This document covers measured throughput figures, stage-level time distribution, software optimizations, and scaling strategies for processing large audio corpora.

Baseline Throughput

The following figures are measured on an NVIDIA RTX 4090 FE (Ada Lovelace, 24 GB GDDR6X) with the default pipeline configuration: large-v3 transcription model, float16 compute type, batch size 16, interleaved per-file processing.

Metric Value
Average processing time per file ~85 seconds (1m 25s)
Files per hour ~42
Files per 24-hour day ~1,017

These figures assume audio files of roughly 5–8 minutes average duration. Actual throughput scales with audio duration — the relevant performance metric for planning is the real-time factor (RTF) per stage (see below).

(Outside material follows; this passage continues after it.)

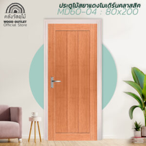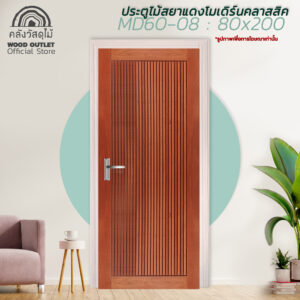 ประตูไม้สยาแดงรุ่น MD60-04 ขนาด 80×200 ซม.

Stage-Level Time Distribution

The 85-second average is a composite of three independent model workloads:

Stage Model Est. % of Total Est. Time / File
Vocal separation Demucs htdemucs ~15% ~13s
Speaker diarization Pyannote speaker-diarization-3.1 ~25% ~21s
Transcription WhisperX large-v3 + Wav2Vec2 ~60% ~51s

Transcription dominates because WhisperX large-v3 is a 1.55B-parameter encoder-decoder model, and the forced alignment pass (Wav2Vec2) runs a second full-model inference over the same audio. This makes transcription the primary target for both software optimization and hardware acceleration.

Real-Time Factor (RTF)

RTF measures how long processing takes relative to the audio duration. An RTF of 0.044 means one second of audio takes 0.044 seconds to process.

Stage Approximate RTF
Vocal separation (Demucs) ~0.012
Speaker diarization (Pyannote) ~0.021
Transcription (WhisperX large-v3) ~0.044
Total pipeline ~0.075–0.095

RTF scales linearly with audio duration, making it useful for projecting processing time over large corpora: corpus_audio_hours × stage_RTF = stage_GPU_hours.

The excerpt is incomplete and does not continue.